Prof. Adida points out several important findings from this study at various points in our discussion.  First, the research team was able to determine that labor-force (hiring) discrimination did exist in France and that it was significant on the dimension of religion.  Muslim Senegalese women were much less likely to get interview calls than either a Christian Senegalese woman or one with a secular portfolio.  Second, they explore the presence of two types of discrimination — “rational” and “non-rational” Islamophobia.  Contrary to what the name may sound like, “rational Islamophobia” does not seek to morally validate discrimination, but rather is defined as discrimination based upon some collected information on the part of an individual.  For instance, learning that Muslims may need to pray several times a day, an employer may not want to hire such an individual because they believe it would interrupt the work environment.  It may also be that more conservative attitudes towards women that are held by Muslim may interfere with the goals of greater gender equity in the workplace.   “Non-rational” Islamophobia, on the other hand, refers to emotional preferences (or “tastes”) that do not necessarily have a basis in information gathering.  The research team discovers both types of discrimination are at play in France.  We further explore the reasons for such discrimination and Prof. Adida introduces the concept of a “discriminatory equilibrium.”  Given France’s history of secularism (laicite), native French will find it difficult to relate to immigrants who are more religious, have more socially conservative views, and who engage in religious practices that are publicly visible (e.g., wearing the hijab).  Moreover, innate “non-rational Islamophobia” also pushes non-Muslim French citizens from wanting to interact with immigrants.  This, in turn, provides little incentive for Muslims to seek ways to assimilate (or integrate) into secular French society, which results in this “equilibrium.”  Claire discusses a few policy proposals that she and her co-authors have devised, along with what she learned throughout the process of the study.  Recorded: December 21, 2015.

 

RELATED LINKS

Claire Adida’s bio at UCSD and Adida website.

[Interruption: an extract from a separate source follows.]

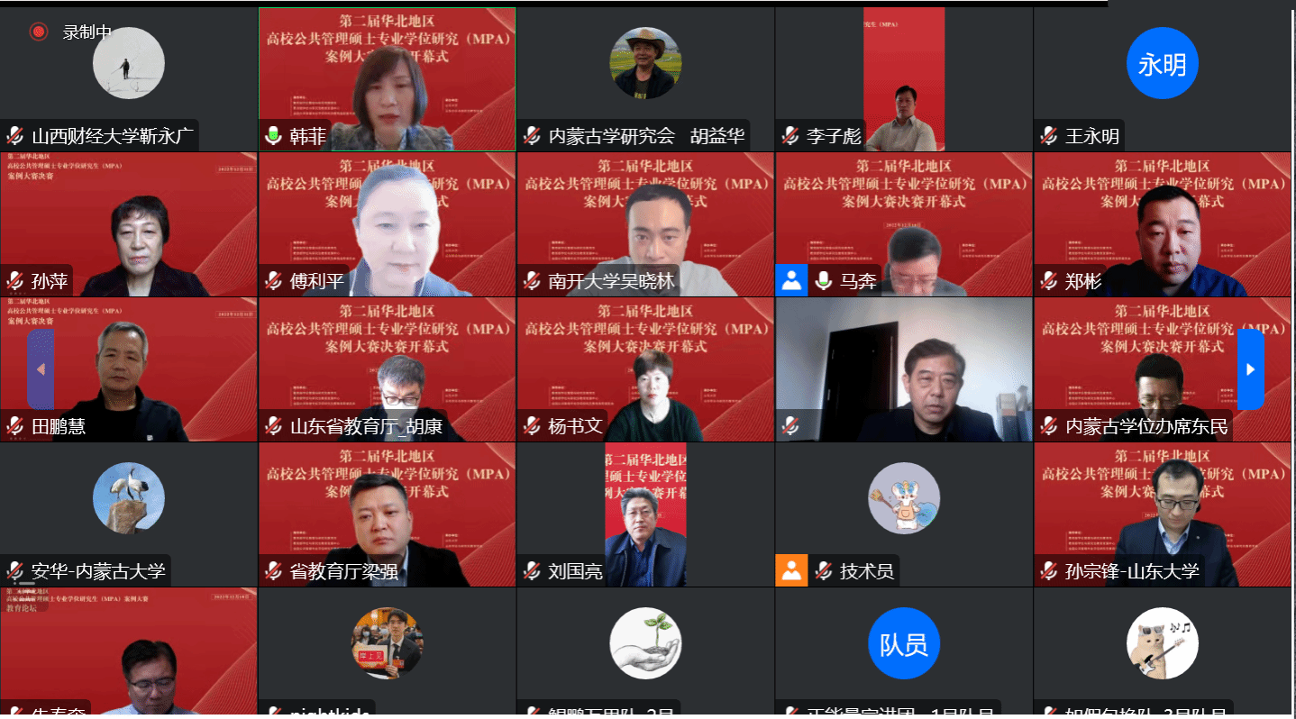 在全国上下学习宣传贯彻落实党的二十大精神之际,为贯彻落实《专业学位研究生教育发展方案(2020—2025)》(学位〔2020〕20 号)精神,深化MPA教育改革创新,提高专业学位研究生人才培养质量,华北五省市(自治区)联合举办的第二届华北地区高校公共管理硕士专业学位硕士研究生(MPA)案例大赛决赛于2022年12月11日在腾讯会议平台如期举行。本次决赛由教育部学位管理与研究生教育司、教育部学位与研究生教育发展中心、全国公共管理专业学位研究生教育指导委员会指导,山东省教育厅、天津市教育委员会、河北省教育厅、山西省教育厅、内蒙古自治区教育厅联合主办,山东大学、山东学位与研究生教育学会承办。
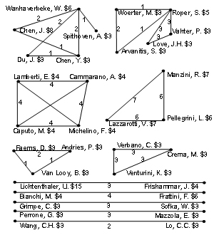De la Gráfica anterior, cada figura obedece a un grupo de investigadores relacionados por las intersecciones, cada apellido y nombre de autor esta seguido de las veces que ha sido referenciado en el análisis con un signo de pesos ($), y el número entre los vértices significa las veces en que se han citado los autores por otros autores en esos documentos relacionados a cada extremidad de los vértices.

Why Muslim Integration Fails in Christian-Heritage Societies, by Claire Adida, David Laitin, and Marie-Anne Valfort.

Immigrant Exclusion and Insecurity in Africa, by Claire Adida.

Nations, States, and Violence, by David Laitin (co-author and research with Claire Adida).

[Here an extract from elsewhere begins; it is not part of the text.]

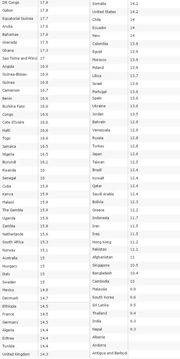 Самые большие члены на планете ДР Конго (17,9 см), Габон (17,8 см), Экваториальная Гвинея (17,7 см), Аруба (17,6 см), Багамские Острова (17,6 см), Гренада (17,5 см), Сан-Томе и Принсипи (17 см), Ангола (17,6 см), Ангола (17,6 см), Гвинея (16,9 см).
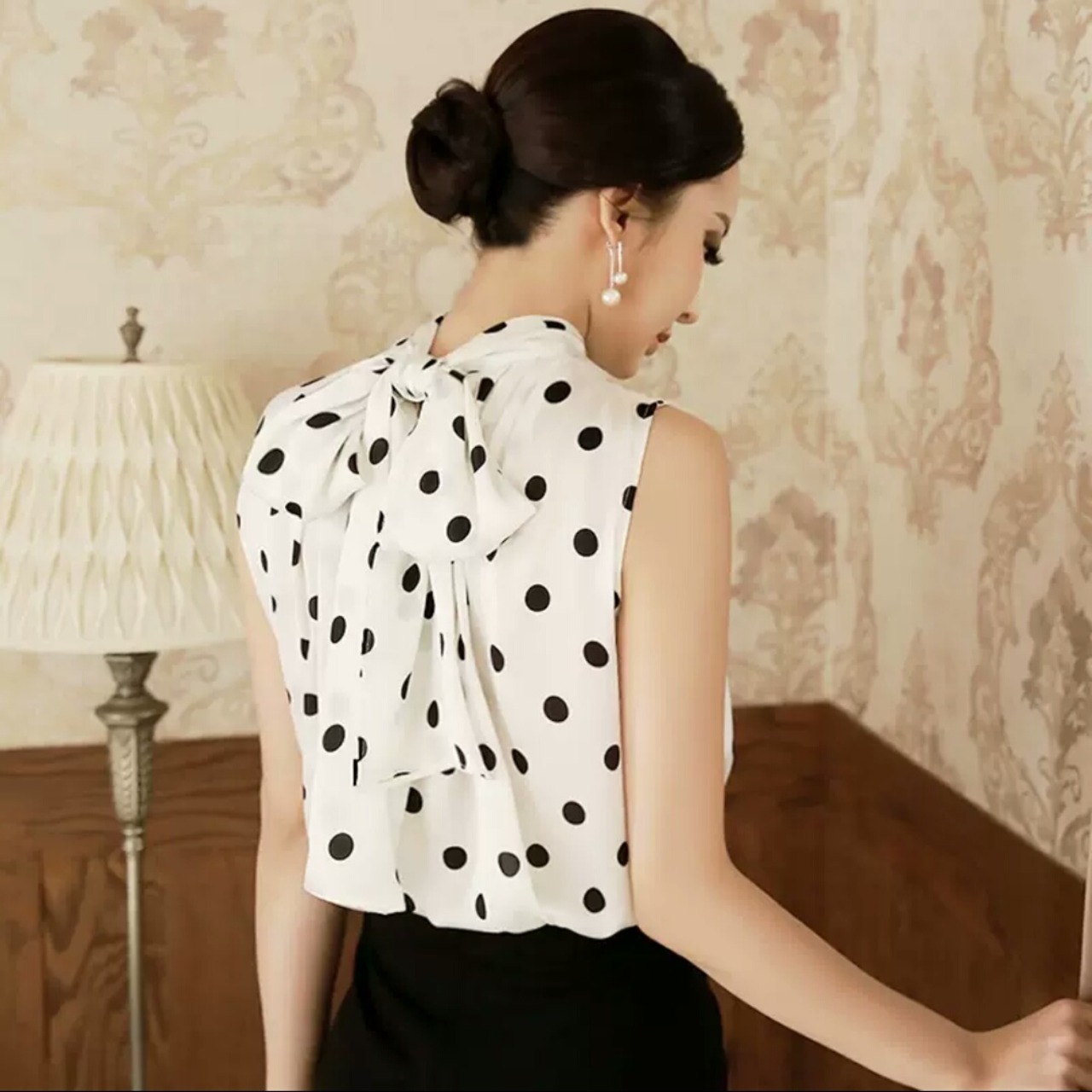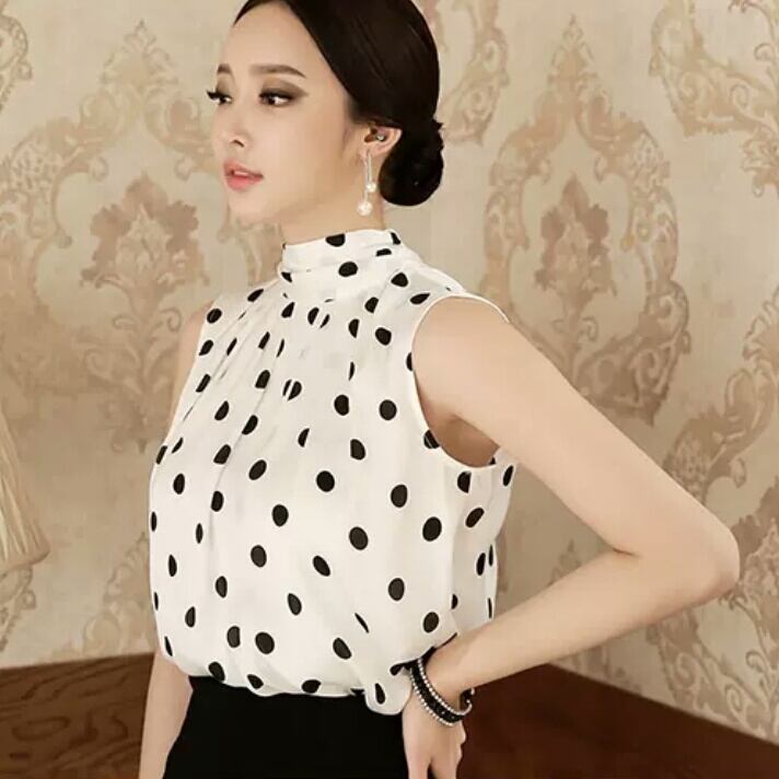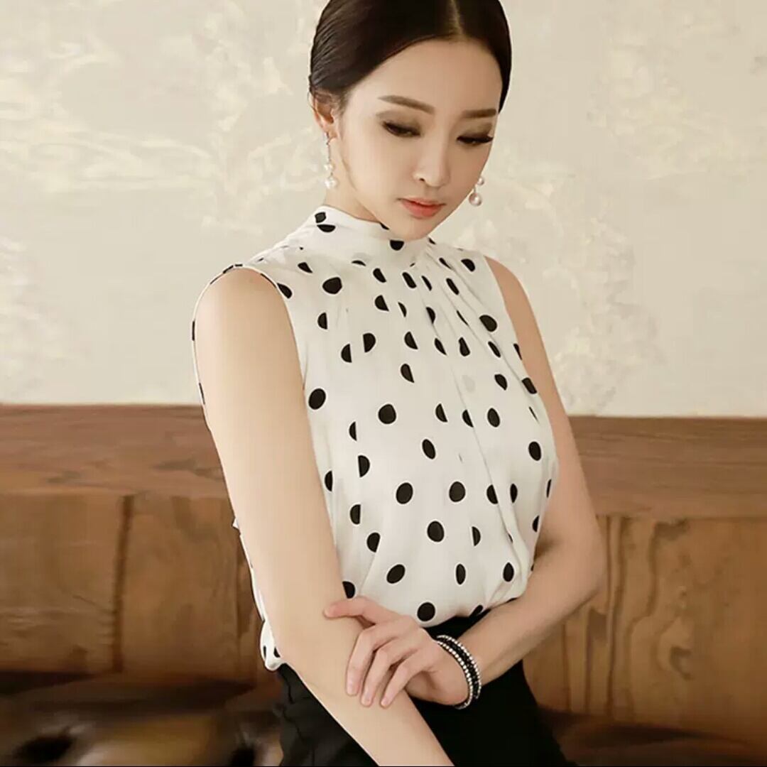 ポルカドット柄 ノースリーブ シフォン シャツ トップス 大人 カジュアル キレイめ 上品 エレガント お出かけ お買い物 デート 女子会 通学 学生 通勤 韓国ファッション

Identity in Formation, by David Laitin.

Hegemony and Culture, by David Laitin.

RELATED PODCASTS

Ahmet Kuru on Islam in Europe.


One Response to “Claire Adida on Discrimination Towards Muslims in France”

  1. Ak Mike says:

    I was enormously impressed by the thoroughness and intelligence with which Prof. Adida and her colleagues investigated the French attitude toward Muslims – however, I was also quite surprised at her counter-intuitive conclusion that the only reaction possible for the Muslims was to withdraw from society and become more insular.

    The American immigrant experience is the reverse of this – widespread and deep discrimination against immigrants from Eastern and Southern Europe in the late 19th and early 20th century led those immigrants to work hard to assimilate and become part of the wider society, which they achieved within a few decades.